BRASÍLIA (Reuters) - O governo federal acertou uma proposta com governadores nesta terça-feira que poderá reduzir em 9,6 bilhões de reais os desembolsos dos Estados para o pagamento de dívidas com a União e o BNDES neste ano, informou o Ministério da Fazenda.

Para o período de três anos, o alívio pode chegar a um total de 45,5 bilhões de reais, sendo 18,9 bilhões de reais em 2017 e 17 bilhões de reais em 2018.

O montante leva em conta a hipótese de os Estados assinarem até junho aditivos contratuais referentes ao alongamento das dívidas com a União em 20 anos; ao alongamento em 10 anos das dívidas estaduais com BNDES, com quatro anos de carência; e à redução de 40 por cento no valor das parcelas por dois anos - esta última fruto de proposta fechada nesta terça-feira, em reunião do ministro da Fazenda, Nelson Barbosa, com governadores.
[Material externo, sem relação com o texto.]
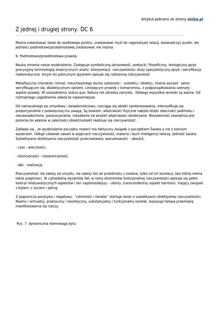 Artykuł pobrano ze strony eioba.pl Z jednej i drugiej strony. DC 6 Można zredukować świat do osobliwego punktu, zredukować myśl do najprostszej relacji, doświadczyć pustki, ale jedności podmiotowo/przedmiotowej zredukować nie można. 6. Podmiotowo/przedmiotowa prawda. Nauka zmienia nasze wyobrażenia. Zastępuje symboliczną obrazowość, poetycki, filozoficzny, teologiczny język precyzyjną terminologią empirycznych analiz. Interpretacji rzeczywistości służy specjalistyczny język i weryfikacja matematyczna. Innym bo potocznym językiem opisuje się codzienną rzeczywistość Metafizyczny charakter, klimat, nieuchwytnego ducha zależności - subiektu i obiektu, można wyrazić samo weryfikującym się, dialektycznym opisem, czerpiącym prawdę z kompromisu, z podporządkowania szerszej wąskie prawdy. W uzasadnieniu status quo, Natura nie zdradza zamysłu. Dlatego wszystkie wnioski są ważne. Od roztropnego uzgodnienia zależą te najważniejsze. Od namacalnego po umysłowy i świadomościowy, rozciąga się obiekt zainteresowania, intensyfikuje się proporcjonalnie z poświęconą mu uwagą. Są bowiem, właściwości fizyczne nabyte dzięki obecności podmiotu i nieuświadomione, pozaracjonalne, niezależne od wrażeń właściwości obiektywne. Niezależność zewnętrza jest pozorna bo właśnie w zależności obiekt/subiekt realizuje się rzeczywistość. Zakłada się , że wyobrażenie początku materii ma faktyczny związek z początkiem Świata a nie z końcem wyobraźni. Odkąd człowiek zawarł w pojęciach rzeczywistość, materia i duch inteligencji tworzą jedność świata. Subiektywno obiektywna rzeczywistość przeciwstawia; warunkowości – absolut, - czas - wieczności, - skończoności - nieskończoność, - idei - realizację. Rzeczywistość nie zależy od umysłu, nie zależy też od przedmiotu z osobna, tylko od ich korelacji, bez której niema także pojętności. W cykloidalną dynamikę fali, w ramy ekstremów funkcjonalnej rzeczywistości wpisuje się pełen koloryt relatywistycznych aspektów i ten najdonioślejszy – ulotny, transcendentny aspekt harmonii, mający związek z bytem, z życiem i jaźnią. Z pogranicza pozytywu i negatywu, ‘’ciemności i światła’’ startuje świat o subiektywno obiektywnej rzeczywistości. Realny i wirtualny, praktyczny i teoretyczny, substancjalny i funkcjonalny korelat, wykazuje falową przemianę manifestowania się rzeczy. Rys. 7 dynamiczna równowaga bytu zjawiskowe ekstremum negatywu Pojęte antytetycznie przesilenia w przemianie zawierają niezliczoną paletę aspektów i punktów widzenia. Razem opisują opozycyjną rzeczywistość. Dualizm sprzeczności tez i wniosków stanowi uzupełniające się wzajemnie opisy, synkretycznej i paradoksalnej rzeczywistości. Podobieństwa i różnice zasadniczo dwóch stron medalu implikują paradoksalną prawdę i pytania o relacyjną istotę rzeczywistości. Czy niekończące się aspekty i możliwe punkty widzenia są obiektywną rzeczywistością czy kompilacją subiektywnych wrażeń? Energia polaryzacji, konfliktu i paradoksu napędza zjawiskowość w kruchym kompromisie i syntezie, w przemianie bez granic. To w przedziale narodzin i śmierci pojawia się życie. Zjawiskowe, transcendentne, bo magiczne życie gwiazd i ludzi. Dynamiczna niepewność w miejscu równowagi, kompromisu kreuje byt o rzeczowym i formalnym znaczeniu. Rozwój bytu należy upatrywać w przesileniach, w doświadczeniu ekstremalnych zdarzeń. Dwuznaczność rzeczywistości jest błogosławieństwem i przekleństwem jednocześnie, ale jedynym sposobem na objawienie się doczesnego bytu i o nim pojęcia. W dialektycznym sporze i właściwej optymalizacji wyłania się złoty środek, akceptacja - ciągle spóźniona mądrość. Podmiot, wynosi rzeczywistość na wyżyny transcendentnego objawienia. Materialne przedstawienie i ponadczasowa treść idei zależnej od, jak się wydaje nierozumnego Ducha, Absolutu ma iście niezgłębiony sens. Oczywiście, naturalistyczny sens interesuje mnie najbardziej. Dlatego tradycję i kulturę pozostawiam specjalistom a w własnej mierze szkicuję obraz praktyka, uczonego na błędach w poszukiwaniu doczesnej transcendencji. Połączenie natury rzeczy z naturą umysłu, daje metafizyczną jakość rzeczywistości. Naturalizm i egocentryzm - jak jest, kontra - jak powinno być, stanowią oś odwiecznych poszukiwań prawdy. Chociaż potrzeba kompromisu w optimum zależności jest oczywista to, optimum pozostanie ruchome. Odpowiedzią na teoretyczność i naturalną łatwość projekcji własnych oczekiwań ma być bliska mi i przyjazna praktykom namacalność rzeczywistości. Niesłychanie ważne i tak samo trudne, jest odróżnianie tego, co subiektywne od obiektywnej rzeczywistości. Subiektywno/obiektywna jedność, odzwierciedlona w teorii panlogizmu i panteizmu, zbieżna jest z wnioskami zarówno nauki jak i filozofii. W indukcji wewnętrznych i zewnętrznych zależności skutki zdarzeń pozostają w relacji z otoczeniem. Stąd, nie ma jednej tajemniczej transcendentnej siły boskiej, lecz złożony wachlarz żywiołów; - ośrodka gwiazd i planet, - fizycznych oddziaływań materii, - funkcjonalnych właściwości rzeczy. Podmiot to osobliwe centrum, iskrzy synergią transcendentnej syntezy, napięcia, jakby przeniesionego z początków Arche – ducha idei i materii. Już wiadomo, że powodzenie takiego oglądu zależy od proporcji i harmonii bądź, co bądź absurdalnej mieszanki. Metafizyka rzeczywistości wymaga tyleż nauki co filozofii, teorii co praktyki, wiedzy i wiary. Jeśli mówimy o transcendencji to na pewno idzie o naszą najbliższą rzeczywistość a mniej o absolut. Bóg prosty jak bezwzględny absolut i złożony jak relatywistyczna rzeczywistość to ten którego szukamy. Tylko nabyta umiejętność obiektywizacji, - subiektywno/obiektywnej perspektywy, odda to co istotne, mianowicie; obraz harmonii przeciwieństw odpowi
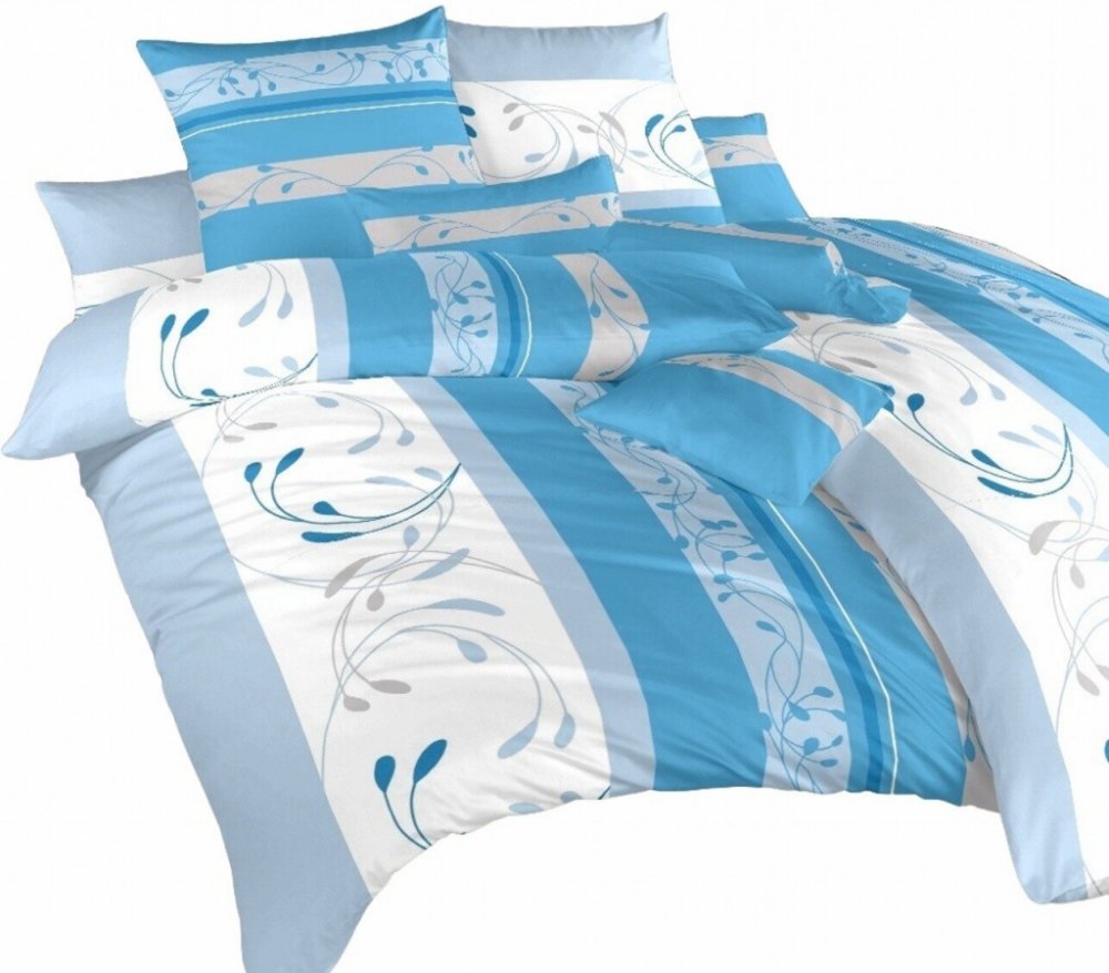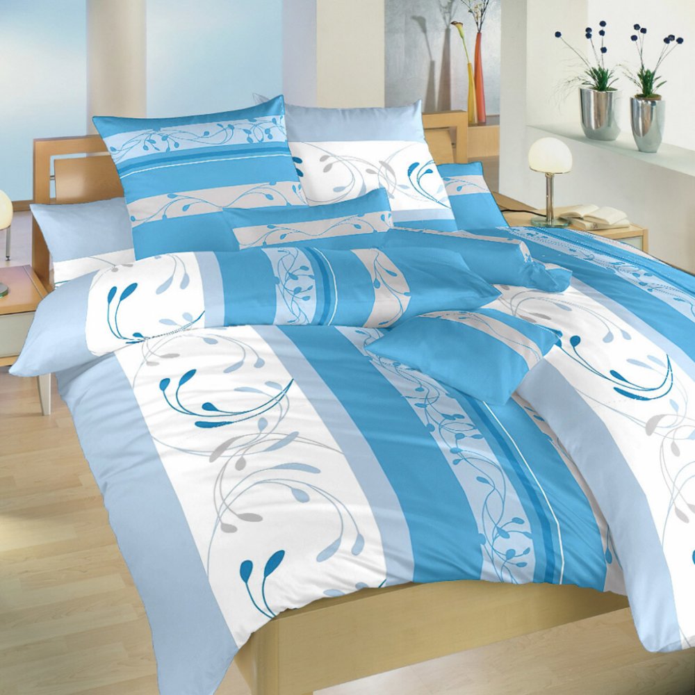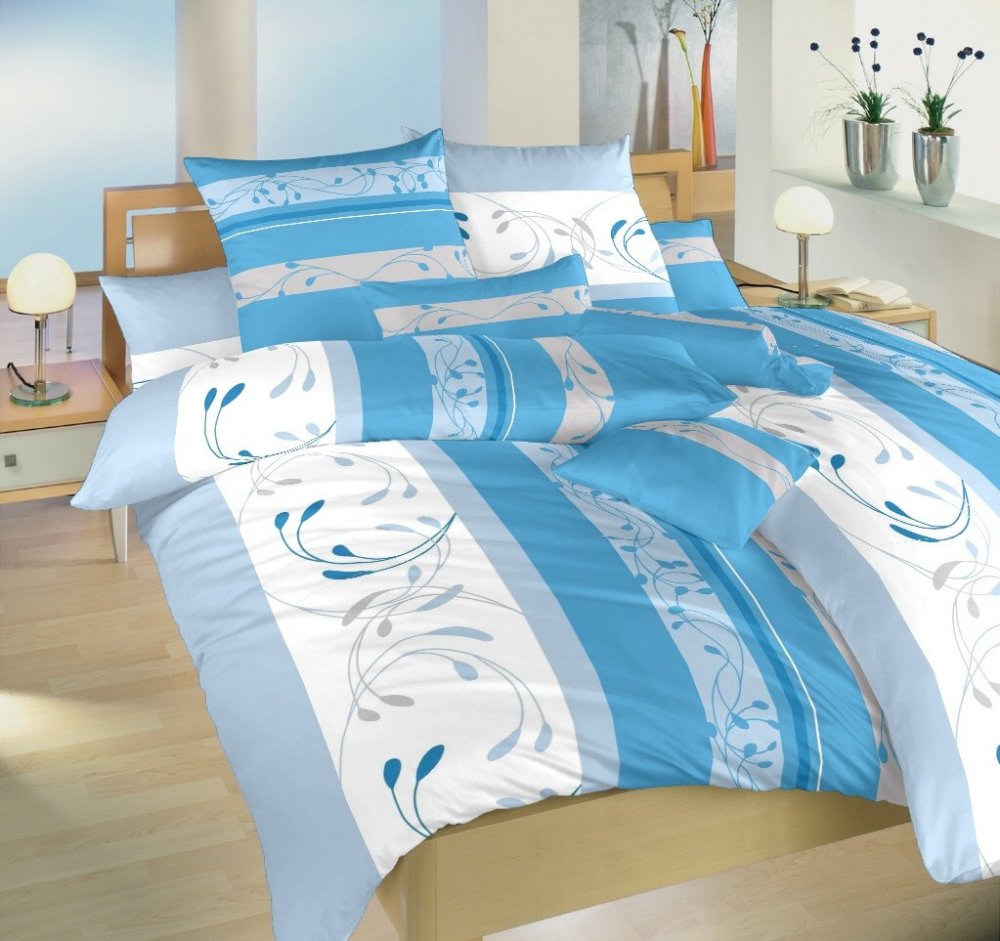 Povlečení laděno v barvě modré a bílé.
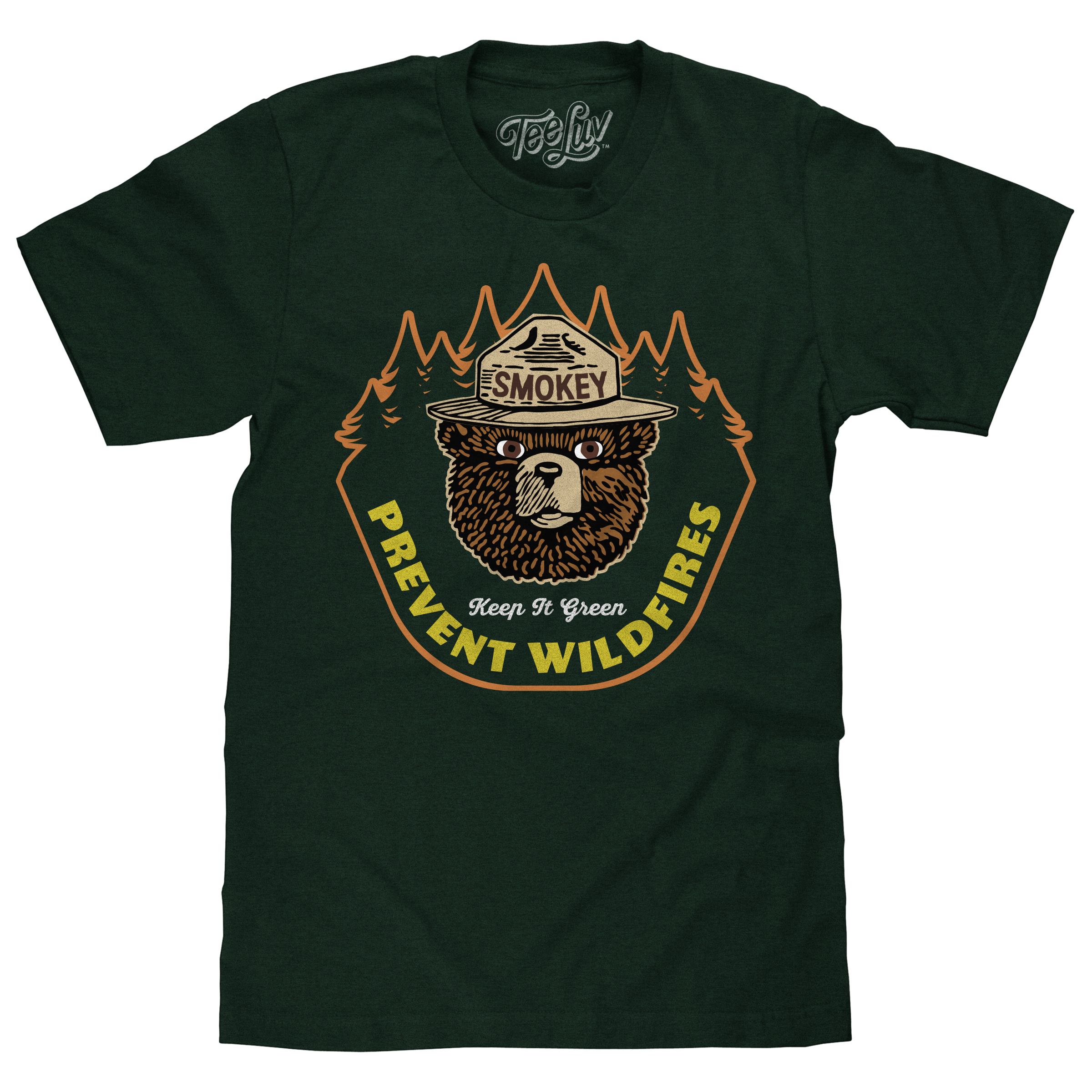 Smokey Bear Keep It Green Prevent Wildfires T-Shirt - Forest Green
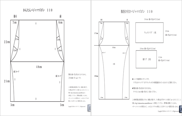 無料 型紙 ダウンロード版パジャマズボン - 子供服 型紙 販売パターンショップMahoeAnela。
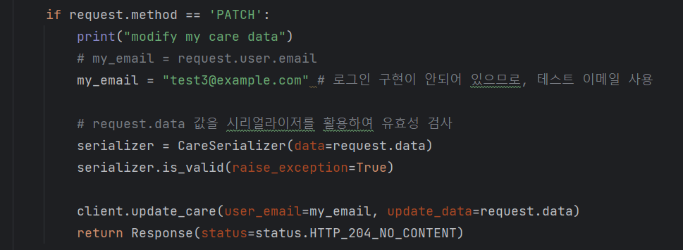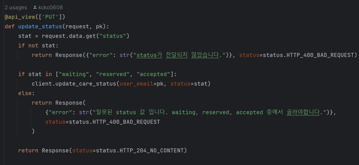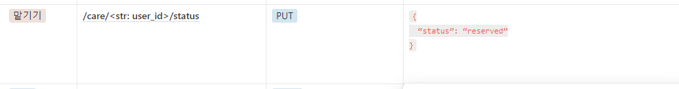 그런데 현재 '맡기 데이터를 수정' 하는 API는 맡기 데이터를 생성한 사용자가, 이를 수정하려고 할 때 사용하는 API 로 의도를 잡았다. 그래서 이 상태를 변경하고자 할 때 PATCH /care 를 사용하는 것은 옳지 않다고 생각하여 1월 15일 회의를 진행한 뒤 status 변경을 위한 별도 API를 만들었다.
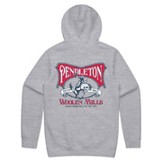 A hoodie featuring a classic Pendleton graphic pattern on the back, with a small logo on the front left chest.

Para isso ocorrer até o meio do ano, contudo, o Congresso Nacional ainda precisa aprovar o projeto de lei complementar com as medidas. Segundo governadores, a proposta será encaminha ao Legislativo até segunda-feira.

DESCONTO

Nesta terça, o governo aceitou conceder um desconto de 40 por cento no valor das parcelas das dívidas de Estados com a União por até dois anos, exigindo como contrapartida a não contratação de operações de crédito pelo dobro de tempo do desconto, e a redução em 10 por cento da despesa mensal com cargos de livre provimento.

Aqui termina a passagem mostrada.